§ **WHAT YOU HAVE TO DO**
Reproduce exactly the lines of this material that begin at the line with "まず初めに、一般社団法人帯広青年会議所 理事長 加藤" and end at the line with "la cueva. |", both included. Omit the pictures and everything else.
-- DATA FOR PROCESSING follows --
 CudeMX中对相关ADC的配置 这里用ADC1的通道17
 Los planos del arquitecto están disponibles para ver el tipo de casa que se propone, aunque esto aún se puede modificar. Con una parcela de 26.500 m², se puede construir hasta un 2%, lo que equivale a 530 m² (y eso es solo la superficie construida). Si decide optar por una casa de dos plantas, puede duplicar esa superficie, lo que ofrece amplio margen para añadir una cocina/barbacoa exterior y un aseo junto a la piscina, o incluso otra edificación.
-- DATA FOR PROCESSING concluded --
-- DATA FOR PROCESSING follows --
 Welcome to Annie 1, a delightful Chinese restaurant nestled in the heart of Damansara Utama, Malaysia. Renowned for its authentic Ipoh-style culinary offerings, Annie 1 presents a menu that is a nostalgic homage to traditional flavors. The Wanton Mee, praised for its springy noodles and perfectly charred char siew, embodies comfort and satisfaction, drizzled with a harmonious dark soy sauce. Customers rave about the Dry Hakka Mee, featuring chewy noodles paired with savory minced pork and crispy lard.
-- DATA FOR PROCESSING concluded --
-- DATA FOR PROCESSING follows --
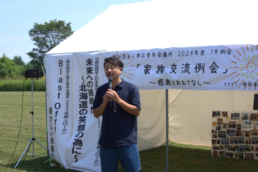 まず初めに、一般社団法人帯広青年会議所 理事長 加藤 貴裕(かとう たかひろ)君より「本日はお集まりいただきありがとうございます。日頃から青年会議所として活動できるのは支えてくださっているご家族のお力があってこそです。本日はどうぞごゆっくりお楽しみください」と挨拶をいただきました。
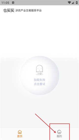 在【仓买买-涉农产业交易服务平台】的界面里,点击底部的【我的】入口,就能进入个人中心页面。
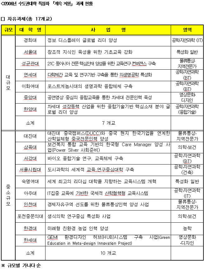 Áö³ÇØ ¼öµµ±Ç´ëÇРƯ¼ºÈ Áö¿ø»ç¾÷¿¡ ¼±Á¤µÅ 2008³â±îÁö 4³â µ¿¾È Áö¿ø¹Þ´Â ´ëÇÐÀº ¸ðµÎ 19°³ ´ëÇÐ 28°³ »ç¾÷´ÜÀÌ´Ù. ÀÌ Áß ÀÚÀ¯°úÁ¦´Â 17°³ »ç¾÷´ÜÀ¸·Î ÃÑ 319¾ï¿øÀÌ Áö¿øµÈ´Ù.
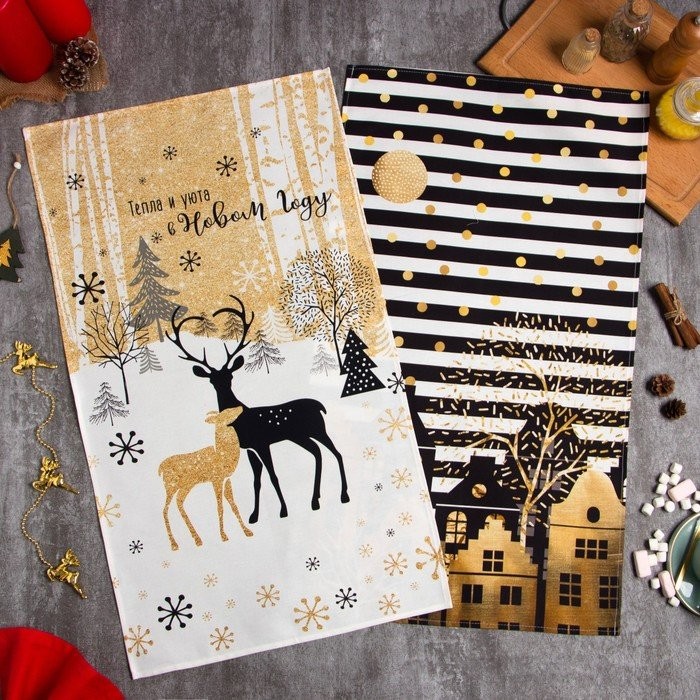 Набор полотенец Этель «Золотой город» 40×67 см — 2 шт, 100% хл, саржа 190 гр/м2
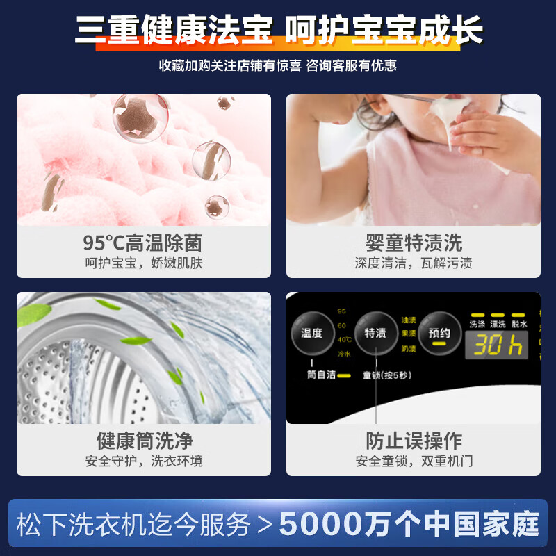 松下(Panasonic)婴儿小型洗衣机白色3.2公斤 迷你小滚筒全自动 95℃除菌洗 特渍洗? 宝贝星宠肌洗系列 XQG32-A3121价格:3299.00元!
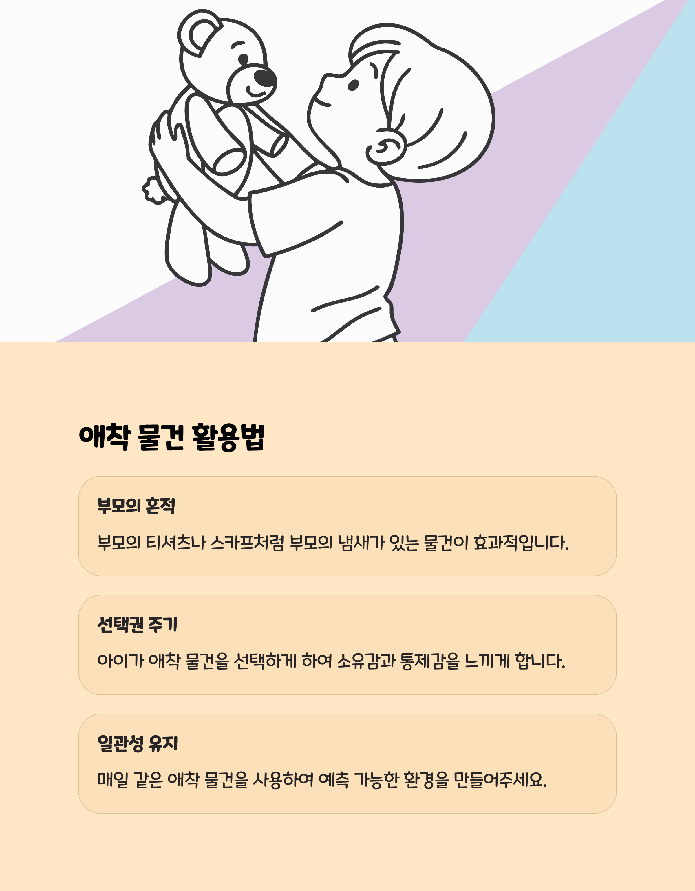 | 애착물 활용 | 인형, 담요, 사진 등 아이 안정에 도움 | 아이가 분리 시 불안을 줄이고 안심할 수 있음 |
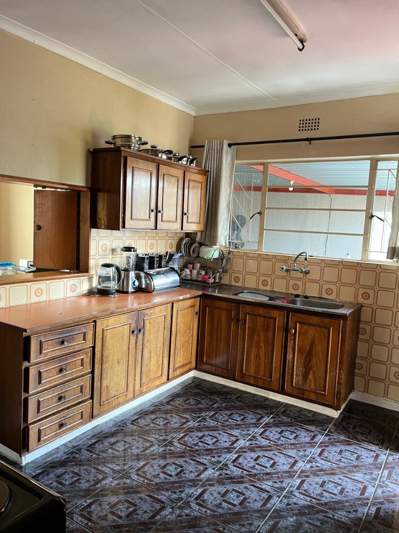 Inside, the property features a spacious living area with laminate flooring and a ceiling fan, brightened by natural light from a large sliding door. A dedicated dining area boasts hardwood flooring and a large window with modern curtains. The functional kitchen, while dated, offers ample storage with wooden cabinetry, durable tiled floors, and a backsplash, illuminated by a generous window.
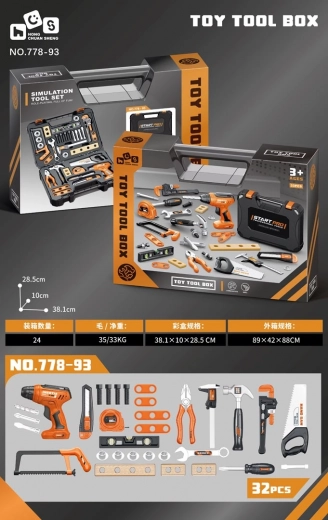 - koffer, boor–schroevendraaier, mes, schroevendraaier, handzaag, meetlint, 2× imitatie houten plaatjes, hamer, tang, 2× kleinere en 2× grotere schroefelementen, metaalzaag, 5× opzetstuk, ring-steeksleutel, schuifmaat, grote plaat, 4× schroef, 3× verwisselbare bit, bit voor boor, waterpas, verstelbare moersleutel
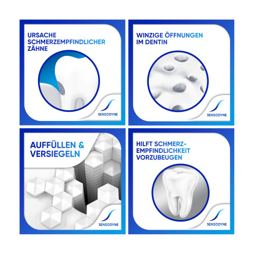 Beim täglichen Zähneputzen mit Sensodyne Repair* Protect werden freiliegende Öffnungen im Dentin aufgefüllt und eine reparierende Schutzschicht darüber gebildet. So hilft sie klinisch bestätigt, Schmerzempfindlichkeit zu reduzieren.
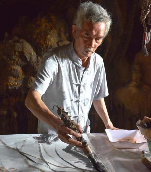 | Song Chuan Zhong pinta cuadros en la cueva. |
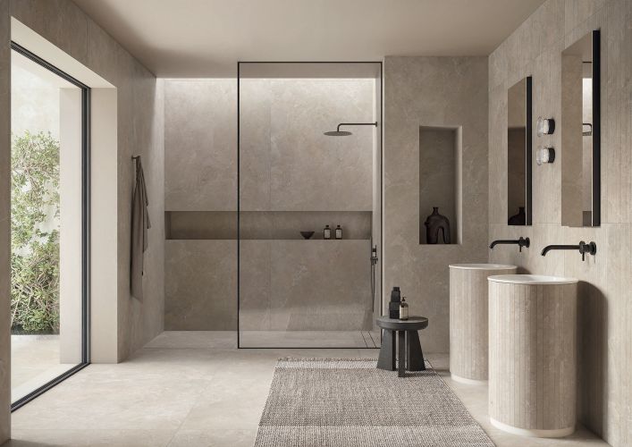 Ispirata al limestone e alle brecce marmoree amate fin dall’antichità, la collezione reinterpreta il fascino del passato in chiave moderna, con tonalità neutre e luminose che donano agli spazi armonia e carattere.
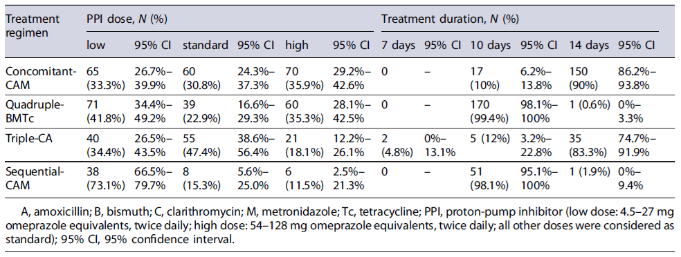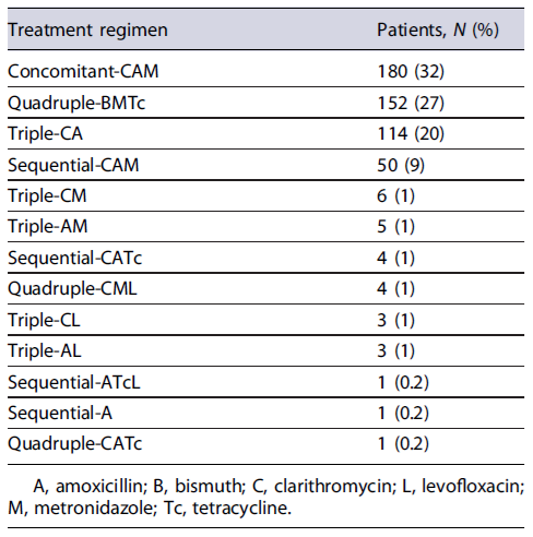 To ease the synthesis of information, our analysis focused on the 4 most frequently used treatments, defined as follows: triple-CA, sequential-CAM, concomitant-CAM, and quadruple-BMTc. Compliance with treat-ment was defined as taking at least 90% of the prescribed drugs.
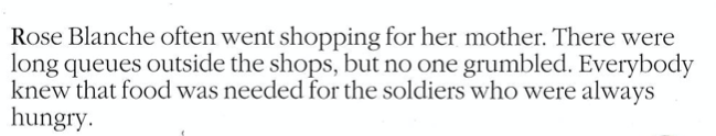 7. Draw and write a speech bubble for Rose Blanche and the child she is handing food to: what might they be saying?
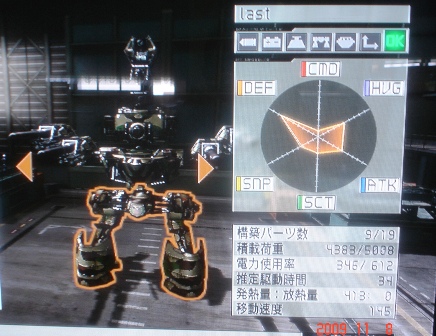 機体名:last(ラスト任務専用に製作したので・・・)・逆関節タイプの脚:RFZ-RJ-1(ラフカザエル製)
-- DATA FOR PROCESSING concluded --
§ **FINISHED TASK**
 まず初めに、一般社団法人帯広青年会議所 理事長 加藤 貴裕(かとう たかひろ)君より「本日はお集まりいただきありがとうございます。日頃から青年会議所として活動できるのは支えてくださっているご家族のお力があってこそです。本日はどうぞごゆっくりお楽しみください」と挨拶をいただきました。
 在【仓买买-涉农产业交易服务平台】的界面里,点击底部的【我的】入口,就能进入个人中心页面。
 Áö³ÇØ ¼öµµ±Ç´ëÇРƯ¼ºÈ Áö¿ø»ç¾÷¿¡ ¼±Á¤µÅ 2008³â±îÁö 4³â µ¿¾È Áö¿ø¹Þ´Â ´ëÇÐÀº ¸ðµÎ 19°³ ´ëÇÐ 28°³ »ç¾÷´ÜÀÌ´Ù. ÀÌ Áß ÀÚÀ¯°úÁ¦´Â 17°³ »ç¾÷´ÜÀ¸·Î ÃÑ 319¾ï¿øÀÌ Áö¿øµÈ´Ù.
 Набор полотенец Этель «Золотой город» 40×67 см — 2 шт, 100% хл, саржа 190 гр/м2
 松下(Panasonic)婴儿小型洗衣机白色3.2公斤 迷你小滚筒全自动 95℃除菌洗 特渍洗? 宝贝星宠肌洗系列 XQG32-A3121价格:3299.00元!
 | 애착물 활용 | 인형, 담요, 사진 등 아이 안정에 도움 | 아이가 분리 시 불안을 줄이고 안심할 수 있음 |
 Inside, the property features a spacious living area with laminate flooring and a ceiling fan, brightened by natural light from a large sliding door. A dedicated dining area boasts hardwood flooring and a large window with modern curtains. The functional kitchen, while dated, offers ample storage with wooden cabinetry, durable tiled floors, and a backsplash, illuminated by a generous window.
 - koffer, boor–schroevendraaier, mes, schroevendraaier, handzaag, meetlint, 2× imitatie houten plaatjes, hamer, tang, 2× kleinere en 2× grotere schroefelementen, metaalzaag, 5× opzetstuk, ring-steeksleutel, schuifmaat, grote plaat, 4× schroef, 3× verwisselbare bit, bit voor boor, waterpas, verstelbare moersleutel
 Beim täglichen Zähneputzen mit Sensodyne Repair* Protect werden freiliegende Öffnungen im Dentin aufgefüllt und eine reparierende Schutzschicht darüber gebildet. So hilft sie klinisch bestätigt, Schmerzempfindlichkeit zu reduzieren.
 | Song Chuan Zhong pinta cuadros en la cueva. |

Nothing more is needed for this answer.